## Work instruction
In the entries below, find the line with "Exquisite tooth edge" and the line with "ケーブル編みウールニットカーディガンです。"; copy them and every line between them exactly, but not the pictures.

## Entries supplied
Content starts
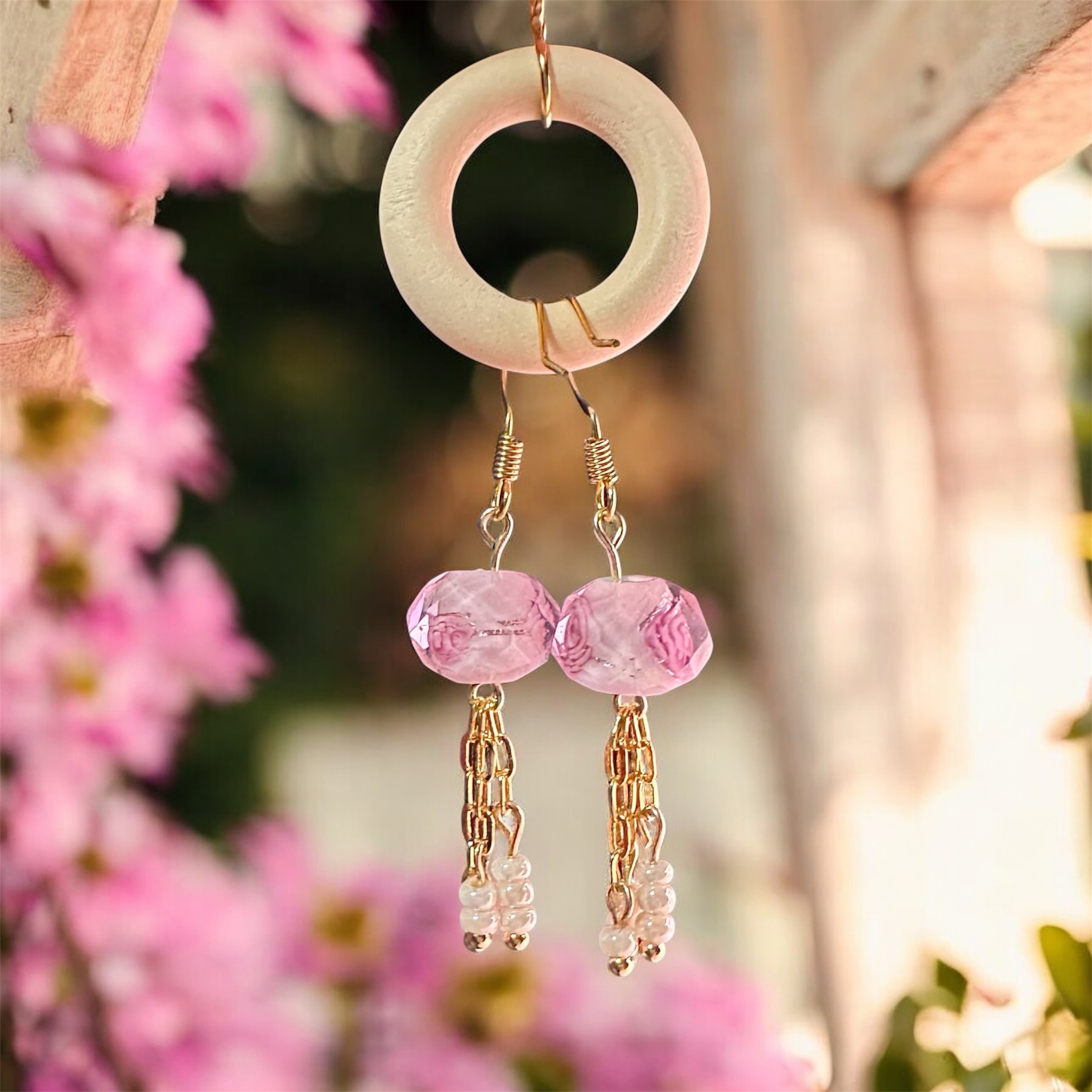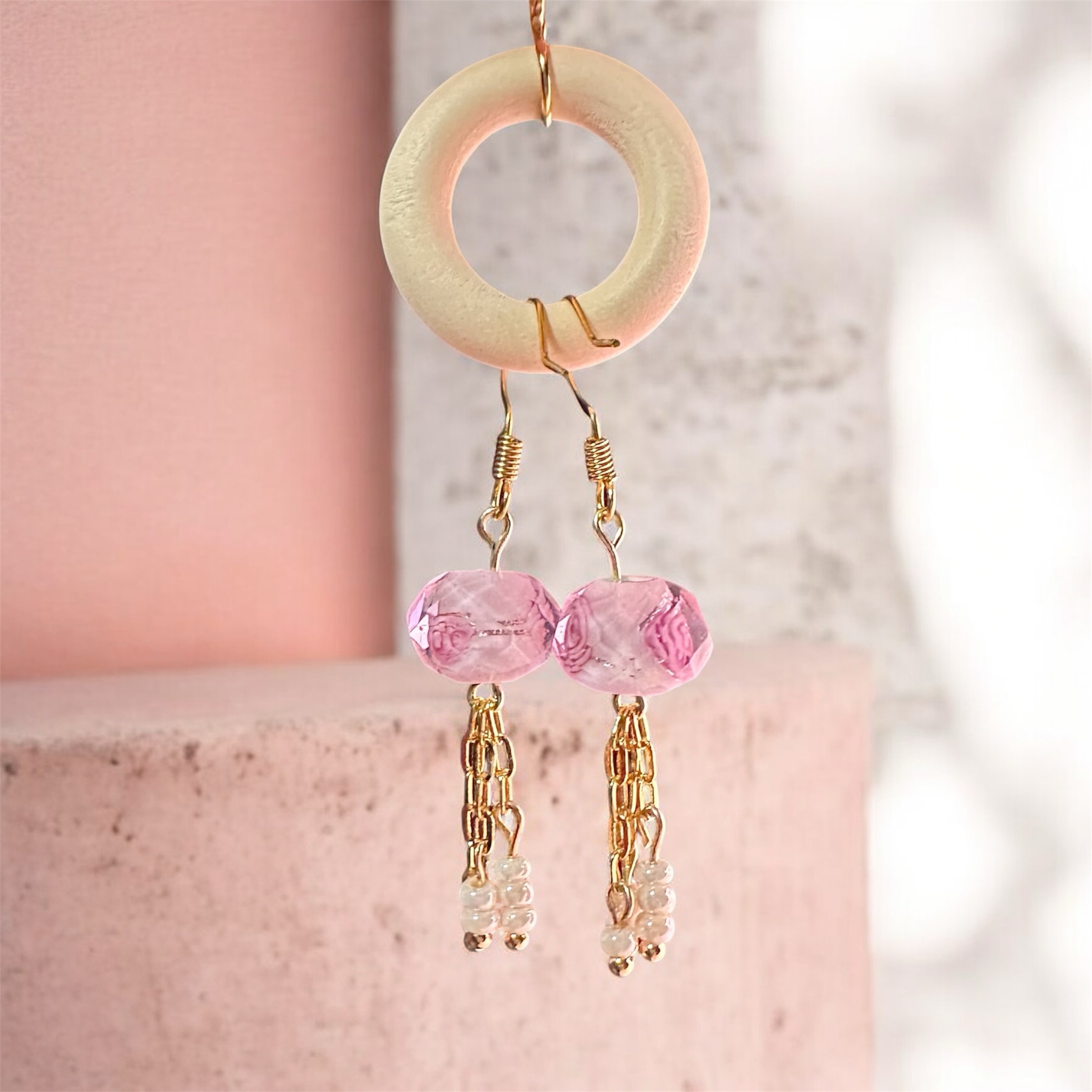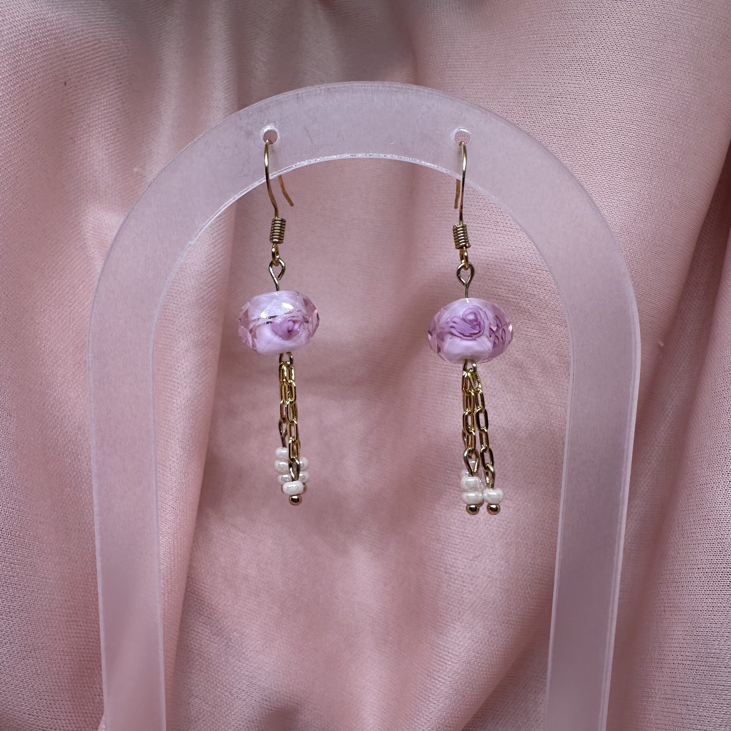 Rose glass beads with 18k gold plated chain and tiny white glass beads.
Content ends
Content starts
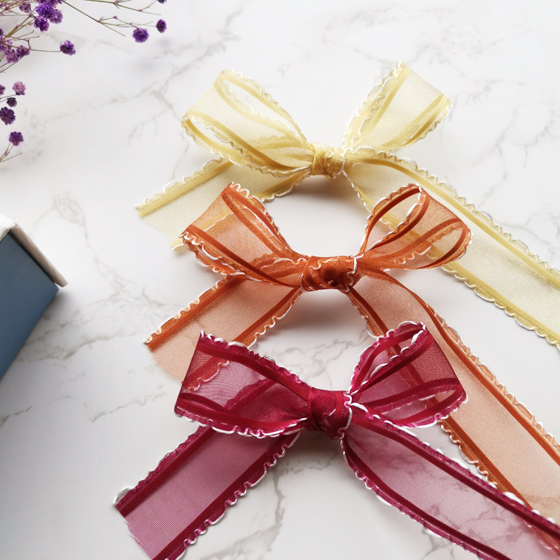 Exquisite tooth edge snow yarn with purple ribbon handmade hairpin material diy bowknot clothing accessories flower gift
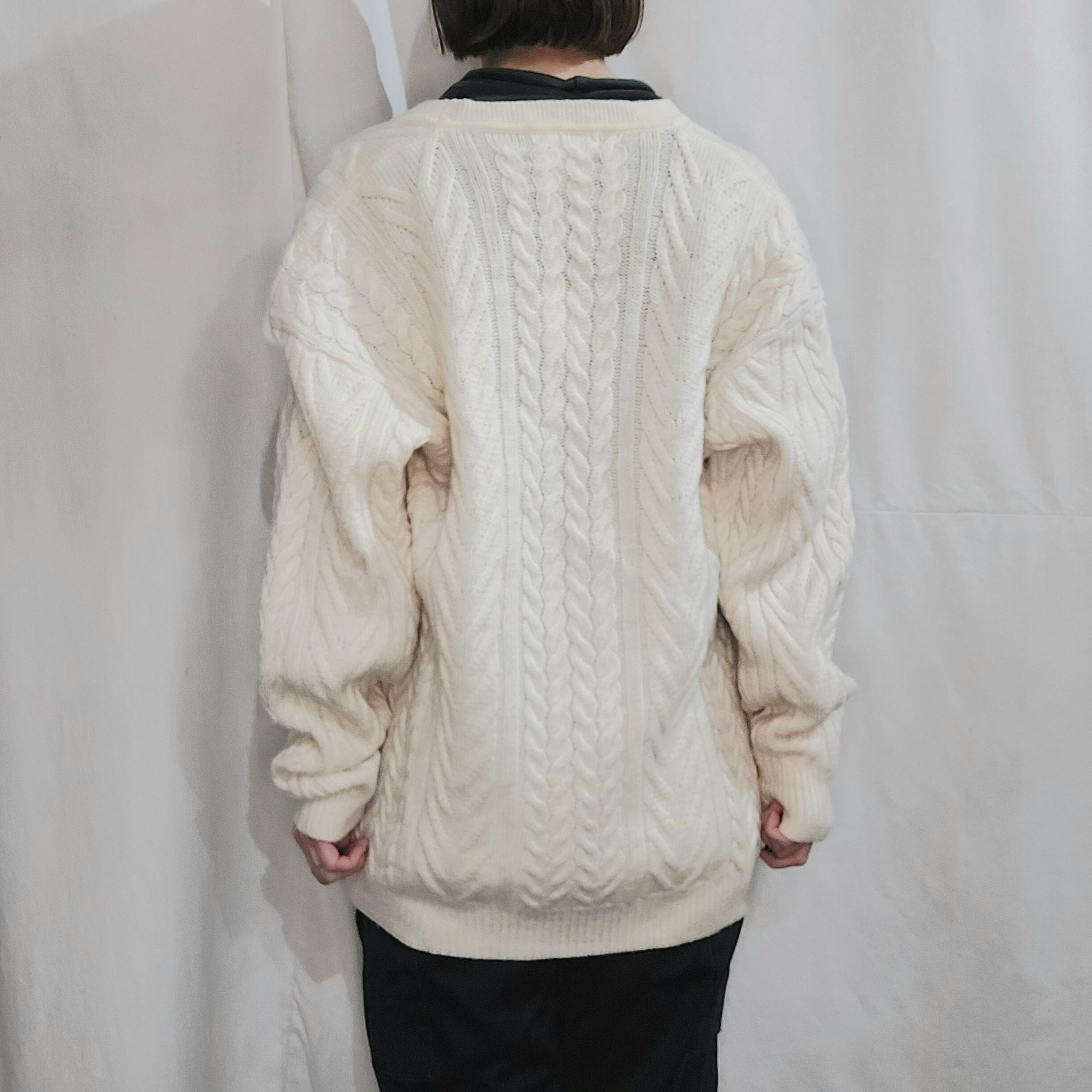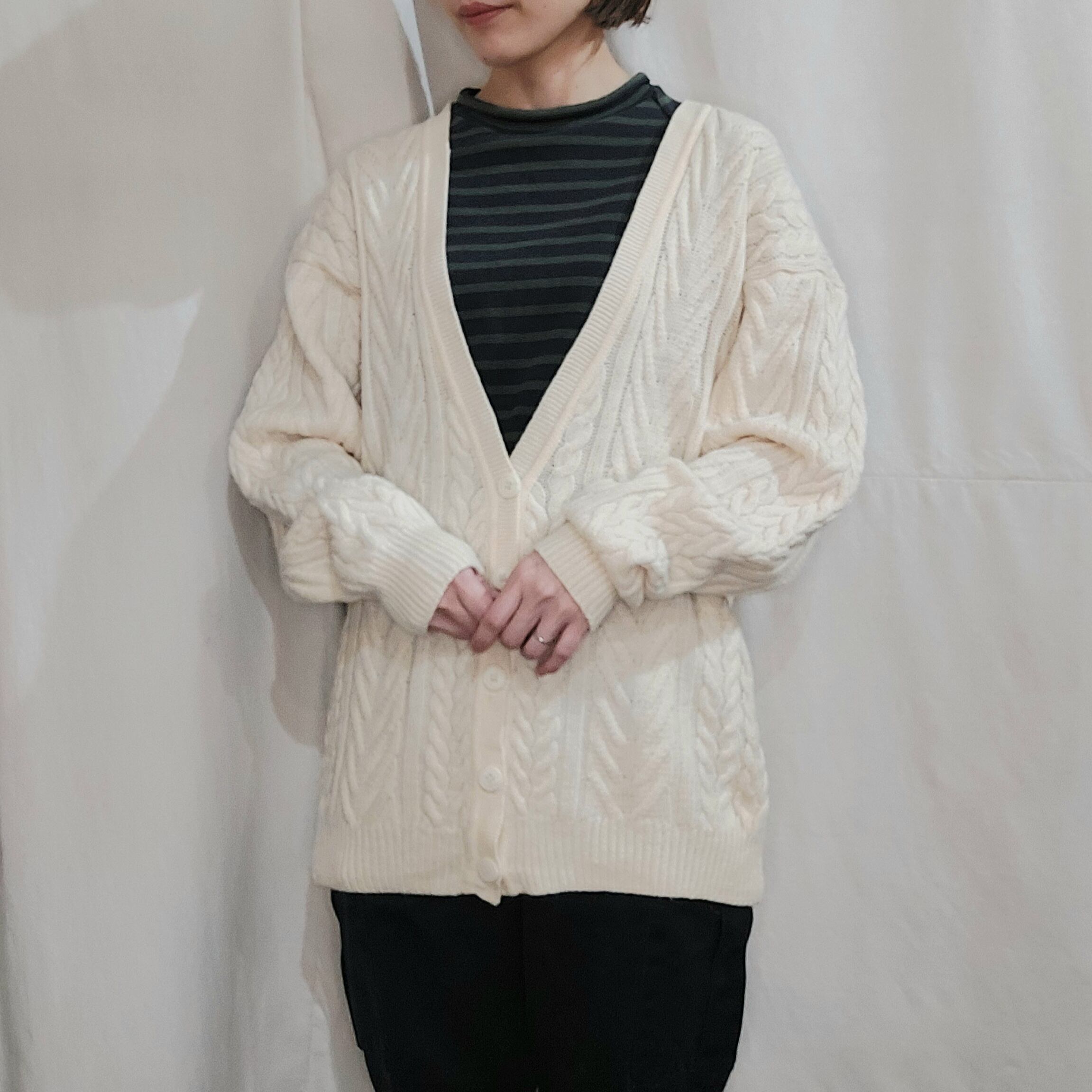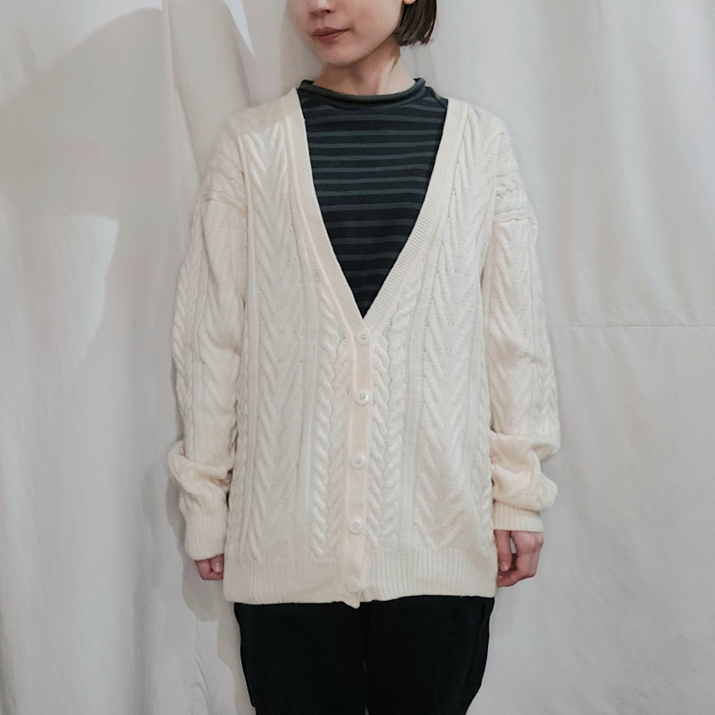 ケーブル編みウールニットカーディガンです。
Content ends
## Your solution
 Exquisite tooth edge snow yarn with purple ribbon handmade hairpin material diy bowknot clothing accessories flower gift
 ケーブル編みウールニットカーディガンです。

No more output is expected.